Hunger tore At my sea-weary soul.

No man sheltered On the quiet fairness of earth can feel How wretched I was, drifting through winter On an ice-cold sea, whirled in sorrow, Alone in a world blown clear of love, Hung with icicles.

The hailstorms flew. The only sound was the roaring sea, The freezing waves.

The song of the swan Might serve for pleasure, the cry of the sea-fowl, The death-noise of birds instead of laughter, The mewing of gulls instead of mead.

Storms beat on the rocky cliffs and were echoed By ice-feathered terns and the eagles' screams; No kinsman could offer comfort there, To a soul left drowning in desolation.

And who could believe, knowing but The passion of cities, swelled proud with wine And no taste of misfortune, how often, how wearily, I put myself back on the paths of the sea, Night would blacken; it would snow from the north;

Frost bound the earth and hail would fall, The coldest seeds. And how my heart Would begin to beat, knowing once more The salt waves tossing and the towering sea! The time for journeys would come and my soul Called me eagerly out, sent me over The horizon, seeking foreigners' homes.

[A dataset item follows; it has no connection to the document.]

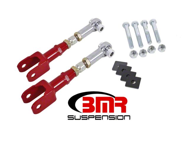 Stock stamped steel toe rods with eccentric adjustment bolts deflect under load and change the alignment of the rear wheels. BMR's on-car adjustable toe rods for S550 Mustangs (TR005) are manufactured from heavy-duty 1 1/4-inch DOM steel tubing. TIG-welded chrome-moly tube adapters with a heavy-duty center adjuster make on-car adjustments simple and easy. The open end is formed from laser cut, CNC formed 3/16-inch steel plate. The CNC-machined center adjuster has right- and left-handed threads for easy on-car adjustments. This design gives you a strong toe rod that greatly improves adjustability. The other end features zinc-plated, X-series, heat-treated, chrome-moly, self-lubricating, Teflon-lined rod ends. It also features 6061-T6 billet aluminum, custom designed rod end spacers. BMR Suspension designed the TR005 to work well in street performance, drag race, and road race applications. The stock toe rods flex under cornering loads giving you inconsistent alignment and handling characteristics. Combine this with eccentric adjustment bolts that can't handle hard launch with sticky tires, or high-horsepower applications and you're left with poor performance. The TR005 allows you to fine-tune the rear toe settings for any form of performance driving. BMR supplies lockout plates to eliminate the factory eccentric adjustment bolts. This allows you to make all of the adjustments on the toe rod. Lockouts are used to minimize toe change and deflection from the eccentric slipping and losing adjustment. Cars with more than stock horsepower levels or soft compound tires tent to push the limits of eccentric bolts in rear suspension systems. Other company's adjustable toe rods reuse the eccentric bolts, which only fix half the problem. BMR's TR005 Toe Rods are a complete solution. This is just another reason BMR's on-car adjustable toe rods are the perfect upgrade for the enthusiast looking to improve performance at an affordable price.
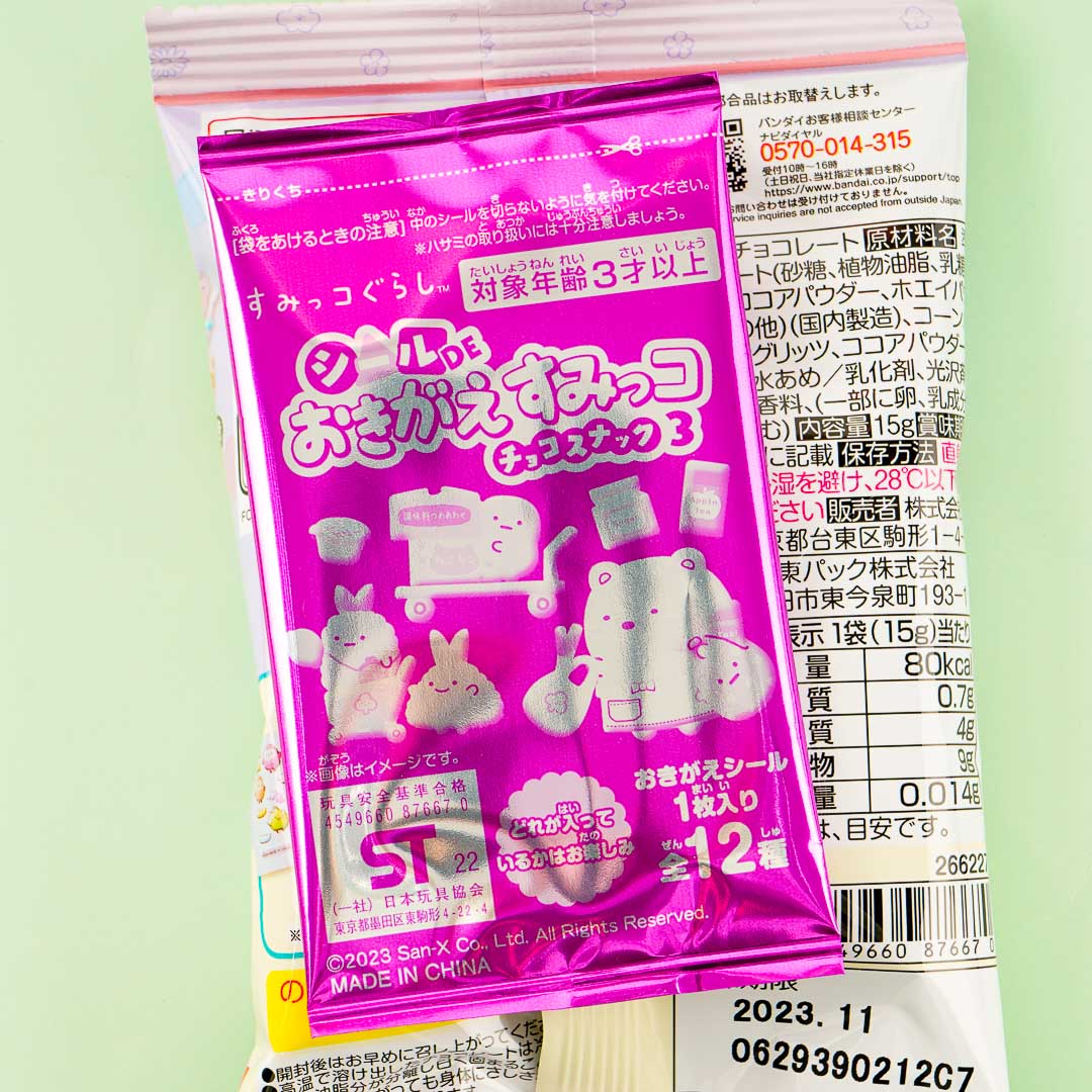 Take a quick break as you munch on these yummy chocolate-flavored corn snacks! These delicious treats come with a free Sumikko Gurashi character sticker sheet.

But there isn't a man on earth so proud, So born in greatness, so bold with his youth, Grown so grave, or so graced by God, That he feels no fear as the sails unfurl, Wondering what Fate has willed and will do.

No harps ring in his heart, no rewards, No passion for women, no worldly pleasures, Nothing, only the oceans heave;

But longing wraps itself around him.

Orchards blossom, the towns bloom, Fields grow lovely as the world springs fresh, And all these admonish that willing mind Leaping to journeys, always set In thoughts traveling on a quickening tide.

So summer's sentinel, the cuckoo, sings In his murmuring voice, and our hearts mourn As he urges.

Who could understand, In ignorant ease, what we others suffer As the path of exile stretch endlessly on?

And yet my heart wanders away, My soul roams with the sea, the whales' Home, wandering to the wildest corners Of the world, returning ravenous with desire, Flying solitary, screaming, exciting me To the open ocean, breaking oaths On the curve of a wave.


("The Seafarer") From "The Exeter Book", Trans. Burton Raffel 1964.